BRAFA 2024

Brussels Expo/ Heysel, 28 January - 4 February 2024 

Galerie Jean-François Cazeau, located in the Marais district of Paris since 2009, builds bridges between the Modern Masters and post-war art on both sides of the Atlantic, while opening up to contemporary art.
This year, in its sixth year at BRAFA, the gallery presents an exhibition that highlights the links between the avant-gardes of the first part of the twentieth century and Post-War art, while remaining true to its characteristic eclecticism.

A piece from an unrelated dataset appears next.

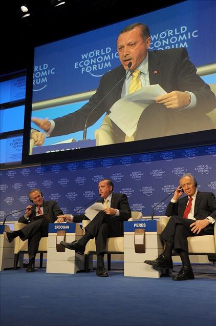 2003 yılından bu yana Başbakanlık görevini yürüten AK Parti Genel Başkanı Recep Tayyip Erdoğan, Cumhuriyet tarihinde ilk kez halk tarafından seçilen Cumhurbaşkanı oldu. 3 adayın yarıştığı ve 52 milyon 894 bin seçmenin oy kullandığı seçimde Erdoğan oyların yüzde 51.85’ini alarak siyası yaşamında yeni bir başarıya daha imza attı. Siyasi kariyeri boyunca il başkanlığı, belediye başkanlığı, milletvekilliği ve başbakanlık görevlerini icra eden Erdoğan, bundan sonra 12. Cumhurbaşkanı olarak Çankaya Köşkü’ne ev sahipliği yapacak. Başbakan Erdoğan, 29 Ocak 2009'da Davos'ta İsrail Başbakanı Simon Peres'in de bulunduğu Ekonomik Forumu kapsamında "Gazze Orta Doğu'da Barış Modeli" oturumunda "one minute" olayı ile hatırlanan sert sözler sarfederek zirveyi terketti. (Arşiv) (Yasin Aras - Anadolu Ajansı)Yasin Aras

The presentation contrasts the beginnings of geometic and orphic abstraction, and the lyrical abstraction of the post-war period, which grew out of these movements. Initially, the gallery highlights artists who may have inspired the European Post-War movement, such as André Masson, Serge Charchoune, Fernand Léger and Auguste Herbin. A special focus is placed on surrealism, a movement that would later inspire abstraction, and in particular the works of André Masson, creator of automatic drawing. To celebrate the centenary of the birth of Surrealism, the gallery has brought together several works, from Delvaux to Max Ernst and André Masson. One of the key works in the show, André Masson's La Ville abandonnée, a large Cubist drawing once belonging to Messens, a leader of Belgian Surrealism, will subsequently be exhibited at the Palais des Beaux-Arts de Bruxelles, as part of the exhibition Histoire de ne pas rire. Surrealism in Belgium. Surrealist photography is represented by the photomontages and photocollages of Pierre Jahan, one of the pioneers of French photography and a friend of Jean Cocteau.

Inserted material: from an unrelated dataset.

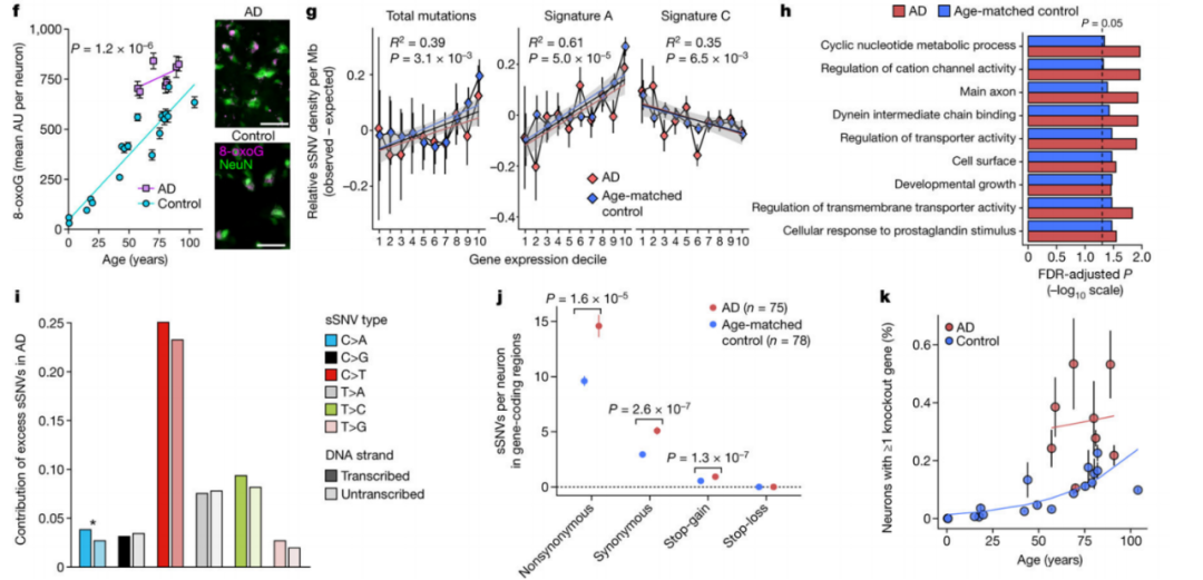 兩種不同的單細(xì)胞全基因組測(cè)序技術(shù)揭示了AD患者大腦中的興奮性神經(jīng)元積累的基因組損傷——以及可能的永久性突變——超過(guò)了僅因衰老而發(fā)生的水平,未來(lái)探索更多的體細(xì)胞突變模式解釋這些氧化性病變?nèi)绾瓮ㄟ^(guò)與衰老過(guò)程中發(fā)生的突變相互作用來(lái)?yè)p害基因組功能。

Works by Pierre Soulages - who passed away last year - Serge Charchoune, Jean 
Fautrier, Hans Hartung and T'ang Haywen illustrate post-war lyrical abstraction. Two gouaches by Soulages show two different periods in the artist's career: the '50s and the '70s.

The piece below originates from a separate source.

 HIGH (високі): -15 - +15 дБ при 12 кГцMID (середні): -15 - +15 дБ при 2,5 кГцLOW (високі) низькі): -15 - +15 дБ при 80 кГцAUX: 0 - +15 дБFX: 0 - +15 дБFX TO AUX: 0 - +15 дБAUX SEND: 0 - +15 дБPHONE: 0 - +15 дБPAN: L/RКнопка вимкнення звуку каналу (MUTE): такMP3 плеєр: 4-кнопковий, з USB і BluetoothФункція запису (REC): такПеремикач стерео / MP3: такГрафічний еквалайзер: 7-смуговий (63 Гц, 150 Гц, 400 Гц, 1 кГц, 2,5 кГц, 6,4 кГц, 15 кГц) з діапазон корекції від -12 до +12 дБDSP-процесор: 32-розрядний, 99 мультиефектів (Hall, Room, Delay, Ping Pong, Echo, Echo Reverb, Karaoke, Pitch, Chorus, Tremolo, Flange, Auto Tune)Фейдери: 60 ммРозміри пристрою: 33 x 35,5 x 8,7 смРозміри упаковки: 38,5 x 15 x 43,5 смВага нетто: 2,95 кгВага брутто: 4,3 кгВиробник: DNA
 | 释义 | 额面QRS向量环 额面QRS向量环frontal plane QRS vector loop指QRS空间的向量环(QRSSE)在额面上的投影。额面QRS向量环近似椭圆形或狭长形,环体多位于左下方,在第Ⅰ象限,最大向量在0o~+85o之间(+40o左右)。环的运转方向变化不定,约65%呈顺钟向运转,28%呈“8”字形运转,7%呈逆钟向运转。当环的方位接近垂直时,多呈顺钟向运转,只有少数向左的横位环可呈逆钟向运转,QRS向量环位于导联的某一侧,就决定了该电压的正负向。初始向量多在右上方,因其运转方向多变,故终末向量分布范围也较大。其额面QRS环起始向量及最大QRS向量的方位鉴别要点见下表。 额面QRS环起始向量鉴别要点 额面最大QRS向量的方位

Paintings by Serge Charchoune, an artist who spanned the 20th century, from cubism to abstraction, confront the different visions of his work, from color to monochrome, but always focused on gesture.
T'ang Haywen's highly poetic inks continue the great tradition of Chinese ink painting. The Musée Guimet will devote a retrospective to the artist in spring 2024, highlighting the work of this great master of ink, which the gallery will also be exhibiting from June 1 to July 31, 2024.